YOUR OBJECTIVE:
Below are the records; reproduce all of them exactly but without any images.

Saved entries
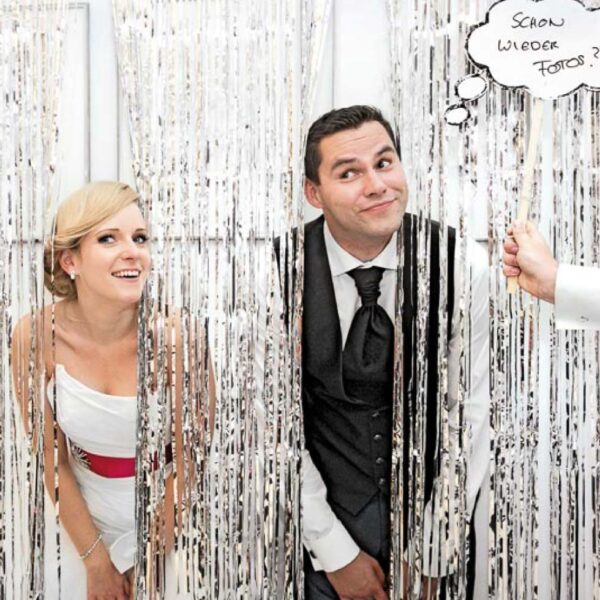 Während ihr zum Fotoshooting verschwunden seid, könnt ihr eure Gäste wunderbar mit einer Photo Booth bestens unterhalten. Das hat zusätzlich den Vorteil, dass ihr euch nicht um die Lichtquelle sorgen müsst. Hier reicht eine einfache Kamera auf einem Stativ aus.
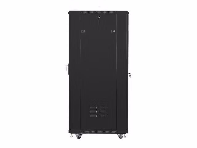 The cabinet's structure is made of high-quality rolled steel, which guarantees excellent design and durability. The cabinet allows full depth adjustment of the vertical mounting rails. It is equipped with a front tempered glass door with a lock, with the possibility of double-sided mounting. The side panels are removable (with locks included), and the rear door is made of full steel, which also has a lock. It is possible to insert cabling through the lockable top and bottom panels (with caps included).
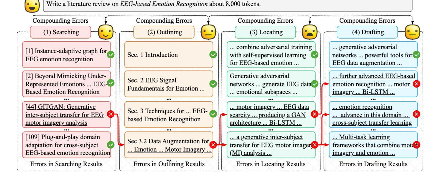 - 长文本文献综述生成存在累积误差问题,对最终输出的忠实度造成严重影响。
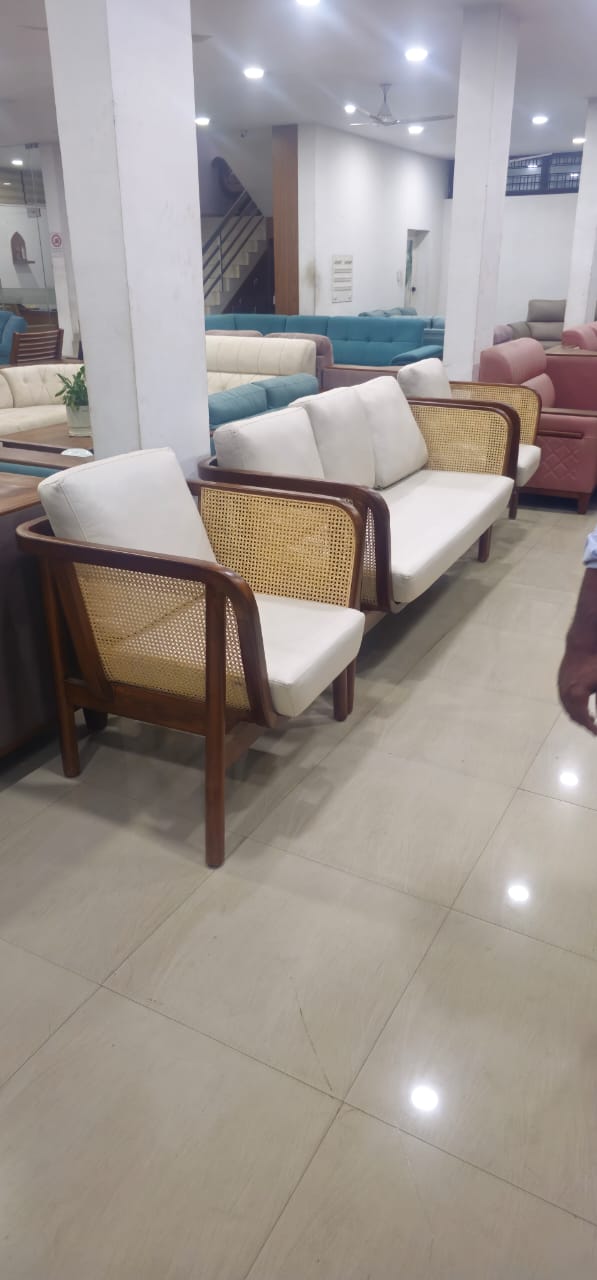 Elevate your living room with a teak wood sofa set featuring elegant off-white upholstery. Experience the perfect blend of durability and classic style.
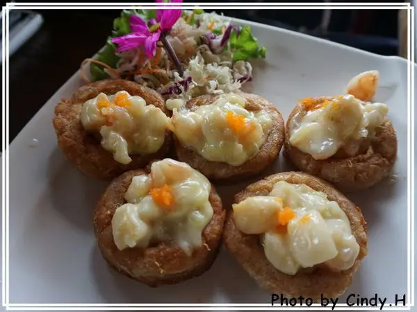 我本身還滿愛芋頭這樣食材的,而這道芋香盅聽說是他們家的招牌,點來試了之後還真的很不錯。下面碗狀造型的是用芋泥跟太白粉(?)捏成碗狀後油炸而成,吃起來QQ的且很有芋香,而上頭是美乃滋拌貝柱及蝦仁,搭配起來還不錯~

SOLUTION TO THE PROBLEM:
 Während ihr zum Fotoshooting verschwunden seid, könnt ihr eure Gäste wunderbar mit einer Photo Booth bestens unterhalten. Das hat zusätzlich den Vorteil, dass ihr euch nicht um die Lichtquelle sorgen müsst. Hier reicht eine einfache Kamera auf einem Stativ aus.
 The cabinet's structure is made of high-quality rolled steel, which guarantees excellent design and durability. The cabinet allows full depth adjustment of the vertical mounting rails. It is equipped with a front tempered glass door with a lock, with the possibility of double-sided mounting. The side panels are removable (with locks included), and the rear door is made of full steel, which also has a lock. It is possible to insert cabling through the lockable top and bottom panels (with caps included).
 - 长文本文献综述生成存在累积误差问题,对最终输出的忠实度造成严重影响。
 Elevate your living room with a teak wood sofa set featuring elegant off-white upholstery. Experience the perfect blend of durability and classic style.
 我本身還滿愛芋頭這樣食材的,而這道芋香盅聽說是他們家的招牌,點來試了之後還真的很不錯。下面碗狀造型的是用芋泥跟太白粉(?)捏成碗狀後油炸而成,吃起來QQ的且很有芋香,而上頭是美乃滋拌貝柱及蝦仁,搭配起來還不錯~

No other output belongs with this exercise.